Thoughts on conscience, v

Tom's observation regarding free will got me thinking a bit further:

If obedience to an all-loving, omniscient, omnipotent God is what is best for us, why on earth would we be given free will?? Perhaps it is because we learn so much about God's will through others, yet others are often wrong in one way or another, so we need an informed will and conscience to provide guidance. Still, the best reason I can think of for free will is that love is impossible without it, because love is a choice. With that capacity unavoidably comes the possibility of choosing wrongly, of choosing not-love. But I imagine God has a better and more complete reason!

I think the general point I'm trying to get to about conscience is this: instead of allowing it to call us to our best, we too often reduce it to helping us feel okay about whatever it is we've done or think we want to do. Not always, of course. Other times we see an ill, and the only answer we can see to it is what appears to be a lesser ill. But I'm primarily focusing on the former and, in my experience, predominant case. And putting this back into my Catholic (or other Christian, for that matter) perspective, when this becomes our approach to conscience, we'll almost always be in conflict with the Church, because the Church's purpose is to call us to be our best, in relationship with Christ. But if we mentally reduce the Church to an archaic, out-of-touch, man-made institution (none of which I believe it to be), then it is easier for us to reject her guidance without due consideration or attempts to understand the broader issues behind it.

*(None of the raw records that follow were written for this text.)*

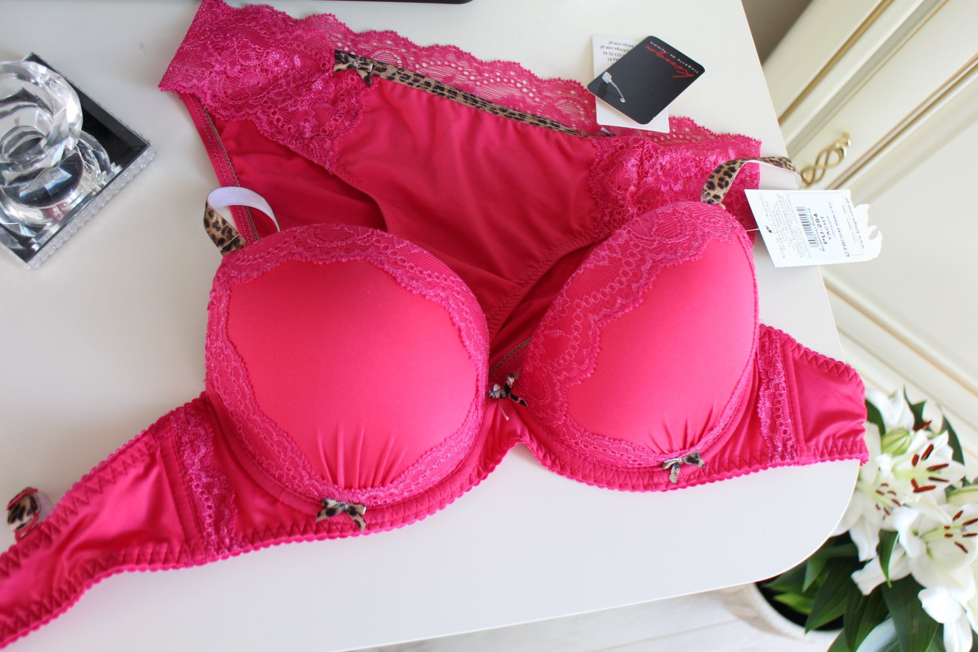 Obvod vášho poprsia [cm]Obvod vášho poprsia [cm]Správny obvod PohárikKošíček BKošíček CD košíčekMiska EMiska FMiska GMiska HMiska IMiska J 61-6563,5-67,566-7069-7371-7574-7876,5-80,579-8381,5-85,584-8886,5-90,560 66-7068,5-72,571-7574-7876-8079-8381,5-85,584-8886,5-90,589-9391,5-95,565 71-7573,5-77,576-8079-8381-8584-8886,5-90,589-9391,5-95,594-9896,5-100,570 76-8078,5-82,581-8584-8886-9089-9391,5-95,594-9896,5-100,599-103101,5-105,575 81-8583,5-87,586-9089-9391-9594-9896,5-100,599-103101,5-105,5104-108106,5-110,580 86-9088,5-92,591-9594-9896-10099-103101,5-105,5104-108106,5-110,5109-113111,5-115,585 91-95X96-10099-103101-105104-108106,5-110,5109-113111,5-115,5114-118116,5-120,590 96-100X101-105104-108106-110109-113111,5-115,5114-118116,5-120,5119-123121,5-125,595 101-105X106-110109-113 111-115114-118116,5-120,5119-123121,5-125,5124-128126,5-130,5100 106-110X111-115114-118116-120119-123121,5-125,5124-128126,5-130,5129-133131,5-135,5105 111-115X116-120119-123121-125124-128126,5-130,5129-133131,5-135,5134-138136,5-140,5110 116-120X121-125124-128126-130129-133131,5-135,5134-138136,5-140,5139-143141,5-145,5115 Nádherná dvojitá push-up podprsenka vo sviežej fuksiovej farbe, doplnená jemnou čipkou viditeľnou vo výstrihu, pôsobí žensky a sexi. Ramienka bez ramienok v zlatej a hnedej farbe, s mačacím vzorom. Na vnútornej strane košíčkov trvalé, veľké vypchávky zväčšujúce prsia, ktoré dokonale nadvihnú a vytvarujú, čo je potrebné. Vyberte si ju a v tejto sezóne budú vaše prsia vyzerať jednoducho skvele!Jeden z najlepších poľských výrobcov spodnej bielizne. Talianska, španielska alebo francúzska čipka. Najvyššia kvalita spracovania.
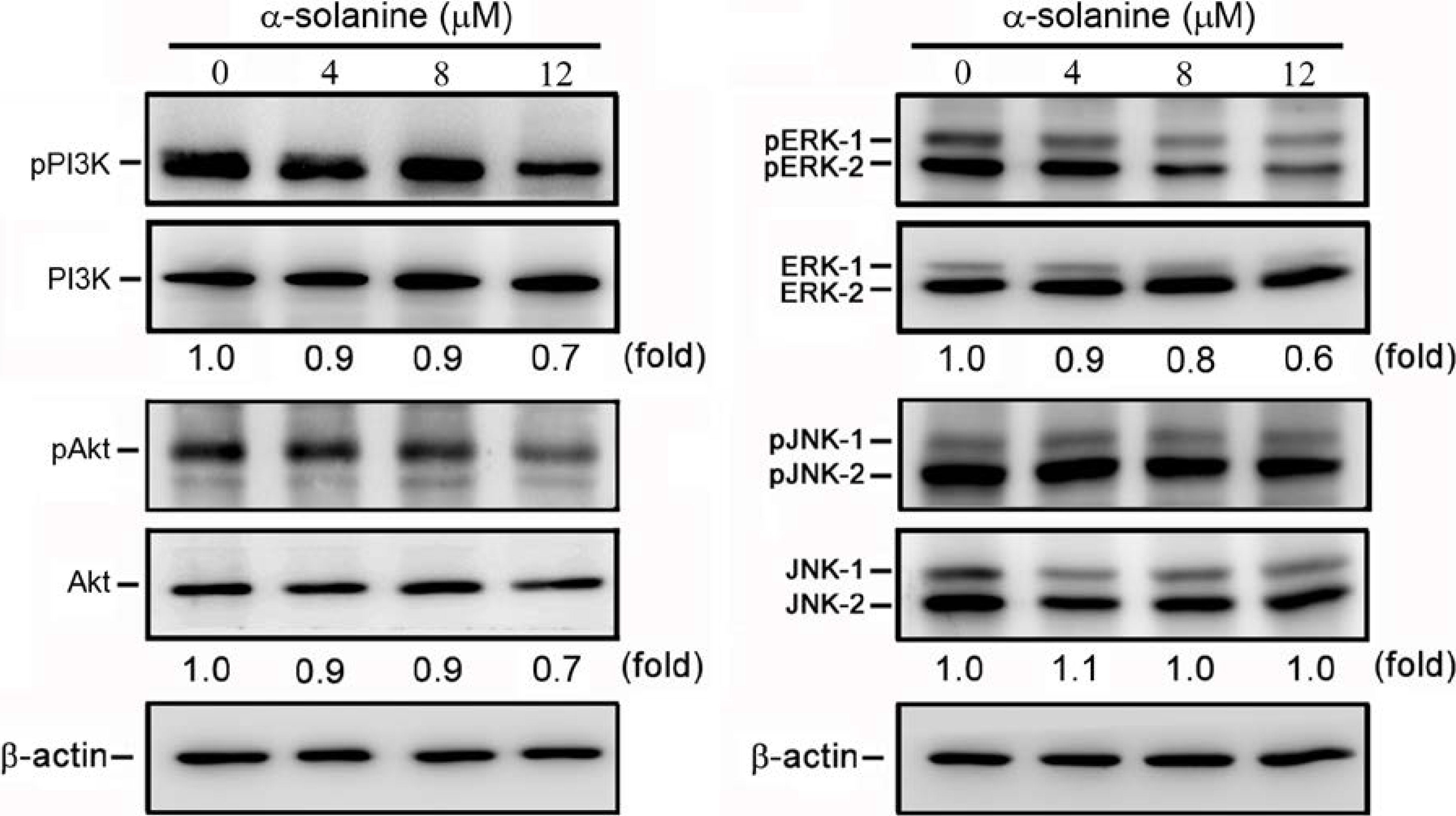 Effects of α-solanine on phosphorylation of PI3K, Akt, ERK1/2 and JNK1/2. Cells were treated with solanine for 24 h and the phosphorylation of PI3K, Akt, ERK1/2 and JNK1/2 were determined by SDS-PAGE and western blotting. β-actin was used as a loading control.
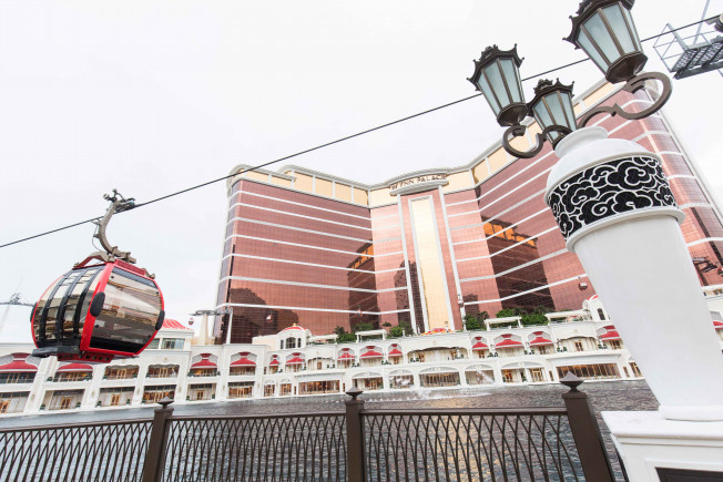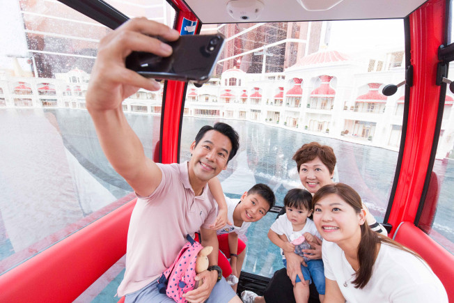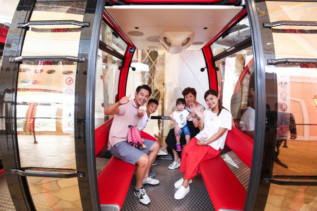 想不到在酒店也可乘坐纜車!登上永利皇宮的觀光纜車,徐榮一家都非常雀躍,置身28米高空,纜車圍繞酒店的表演湖運行,既可360°俯瞰表演湖的舞動噴泉表演,同時亦可飽覽澳門路氹迷人的日夜景致。車廂特設燈光和音響系統,會跟表演湖同步播放表演的樂曲,包包聽到音樂,馬上和哥哥手舞足蹈想跳舞。每個纜車車廂可載6人,一家大小乘搭剛剛好!

But that doesn't free us to cast self-righteous judgment on those who disagree with us, which too often is just our way of salving our conscience concerning our own shortcomings through favorable comparison. I think it is easier to find the right balance if we've truly both accepted our own shortcomings (I have to be careful not to embrace this term over the more "outdated" sounding concept of "sinfulness") and embraced God's grace. Still, we have to be careful. Yes, Jesus forgave the adulterer, but without telling her that her adultery is okay! And Jesus didn't assume scripture was out of touch with his times, even though much of it had been written centuries before. When he seemed to contradict scripture, it was usually to set a higher standard, such as for the indissolubility of marriage, the adulterous nature of lustful thoughts, or to emphasize mercy over legalism. (Notice: there's a huge difference between mercy and self-righteousness. There's a vast gulf between accepting forgiveness and insisting we don't need it because what we've done isn't wrong!)

So in what do we place our faith? God has given us free will and the ability to reason; are we to value these gifts above the One who gave them? Is it that tough to know God's will, or is it only hard for us to submit to it?

Because in this day and age, it seems as if we've decided that, now that we're so advanced, now that we've so finely honed our ability to reason, we need no longer pay attention to God's opinion, as revealed to us through the scripture and the church throughout salvation history.

BTW, I'm not writing these things from some lofty perch. These are my struggles, too.